LexSfX has quit [Ping timeout: 480 seconds]
LexSfX has joined #dri-devel
<abhinav__> mattrope yes thanks, there are no issues with msm driver with having multiple primary planes, its only this igt sub-test which throws the assert ..... we will post a chance to make it a warning .... will copy you on the change
<pzanoni> jekstrand, Kayden: I'll submit the updated version of the locking fix today
<jekstrand> pzanoni: :+1:
tzimmermann has quit [Quit: Leaving]
<karolherbst> jekstrand: where can I change CS shader metadata?
<daniels> ajax: no particularly good reason, no
<karolherbst> like INTERFACE_DESCRIPTOR_DATA has this DenormMode field I set to SetByKernel, but that also means the kernel itself has a field for it
<karolherbst> just to rule out it's really not a denorm issue
<karolherbst> the sampled values are -3.065715e-38 and 1.493025e-37 though :/ so highly unlikely
<daniels> ajax: it does mean that you can just allocate a single array of them and always refer to them that way in the backend; if you stored the base in the common struct, then you'd either need the backend doing a separate alloc for its private data if the frontend allocated an array of base, or the frontend allocating an array of pointers if the backend allocated an array of full images
<karolherbst> but who knows.. maybe something does flush that to 0 somewhere internally
<daniels> ajax: but I guess that could be solved with something devPrivates-ish where you just tell it how much private storage you need tacked on
<ajax> daniels: i think my real question is more like why are the fence and blit semas arrays on the wsi_swapchain, instead of members of the wsi_image they're 1:1 with
<ajax> seeing image_index everywhere makes me itchy
frankbinns has quit [Remote host closed the connection]
<daniels> ajax: my impression is 'that's how Dave typed it up at one point and no-one was much interested in changing it'
<daniels> but there might be something more subtle I'm missing
<jekstrand> karolherbst: What do you mean?
<karolherbst> jekstrand: I am trying to understand what I need to do, so that "SetByKernel" has any effect
<jekstrand> karolherbst: That's tricky
<jekstrand> I had some hacks yesterday but I deleted them.
<karolherbst> ahh
<jekstrand> karolherbst: But, also, nothing is going to flush if it goes straight from the texture op to the write without any non-trivial ALU in between.
<karolherbst> yeah..
<jekstrand> Unless that bit also controls the sampler.
<jekstrand> But I kind-of doubt that.
<karolherbst> yeah....
<jekstrand> Then again, I really don't know.

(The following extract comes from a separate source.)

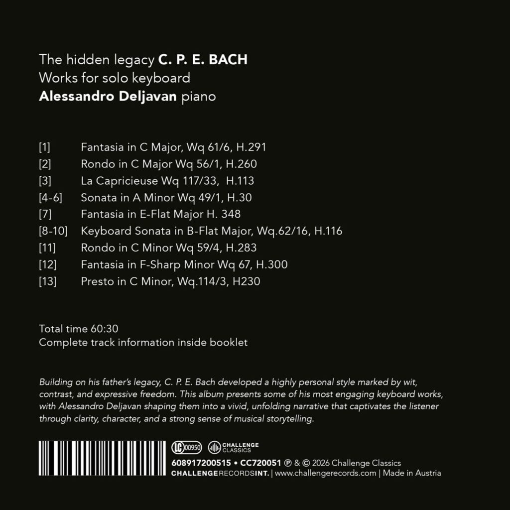 In The Hidden Legacy verkent de Italiaanse pianist Alessandro Deljavan de rusteloze verbeelding en expressieve durf van Carl Philipp Emanuel Bach (1714-1788), een componist die een brug sloeg tussen de complexiteit van de barok en de klassieke helderheid. Het programma doorkruist het uitgestrekte emotionele en stilistische landschap van de klavierwerken van C.P.E. Bach – van de introspectieve fantasieën en vurige rondo’s tot de meer delicate sonates – en onthult de baanbrekende toewijding van de componist aan Empfindsamkeit, die “gevoelige stijl” die tot doel had menselijke emoties in al hun veranderlijkheid te weerspiegelen. Deljavans interpretaties belichten de dramatische contrasten en psychologische diepgang van deze muziek en transformeren elk stuk in een levendig, onvoorspelbaar verhaal dat vandaag de dag nog net zo levendig is als twee eeuwen geleden. Deljavans kunst combineert intellectuele precisie met onverschrokken emotionele spontaniteit. Zijn frasering, timing en gebruik van stilte verheffen Bachs kwikzilveren geest tot een direct, diep menselijk niveau. De opname is niet alleen een historisch eerbetoon, maar ook een levendige dialoog tussen componist en uitvoerder – een meditatie over creativiteit, vrijheid en gevoel. Met dit album zet Deljavan zijn levenslange missie voort om “het hart te raken” en de spanning, tederheid en transcendentie vast te leggen die de nalatenschap van C.P.E. Bach zowel verborgen als onmisbaar maken.

I guess maybe it could? Seems unlikely.
<karolherbst> I have no idea
<jekstrand> I doubt those bits are passed onto the sampler
<karolherbst> but it's also unlikely because all those values are normals
<jekstrand> Yeah
<karolherbst> but still.. why does it become 0.0
<jekstrand> idk
garrison has quit []
i-garrison has joined #dri-devel
rasterman has quit [Quit: Gettin' stinky!]
slattann has quit []
<anholt> imirkin: so, virgl's going in today, which leaves nouveau NIR before !8044 can land. I have an rb from karolherbst. I'd love to get an ack from you as well on the decision to do NIR backend instead of NTT.
<karolherbst> jekstrand: yeah... it makes like no sense at all..
<karolherbst> I have seriously no idea what's wrong here
<jekstrand> karolherbst: Neither do I. I may have a gen9 machine but it's my wife's laptop and has Windows on it. Not sure if it's got a big enough disk to really dual-boot.
<karolherbst> jekstrand: this happens on gen12 as well
<jekstrand> karolherbst: It does?
<karolherbst> yes
<jekstrand> Ok, then I can maybe debug
<karolherbst> jekstrand: ./build/test_conformance/images/kernel_read_write/test_image_streams read 3D CL_RGBA CL_FLOAT CL_FILTER_LINEAR CL_ADDRESS_CLAMP_TO_EDGE UNNORMALIZED
<karolherbst> same error on gen12
<karolherbst> same sample and everything :)
<jekstrand> woo
<karolherbst> mhhh
<jekstrand> karolherbst: Fails on the Intel driver too. :) Same failure mode.
<karolherbst> huh?
<karolherbst> oh wow
<karolherbst> but a later sample
<karolherbst> but yeah.. more or less the same issue
<karolherbst> mhh
<karolherbst> maybe the CTS doesn't care if one or two of those fail...
<jekstrand> idk
<karolherbst> only one way to find out
<karolherbst> I _think_ I saw the CTS just ignoring some fails
<karolherbst> sooo
<karolherbst> this one has to be it then
<karolherbst> half will fail, but why are they running fp16 tests if we don't support the ext :P
<karolherbst> well.. we still have to fix llvm, but
<karolherbst> then I can continue hacking on making everything Send
<jekstrand> I poked bashbaugh about the 3D fail on the official driver.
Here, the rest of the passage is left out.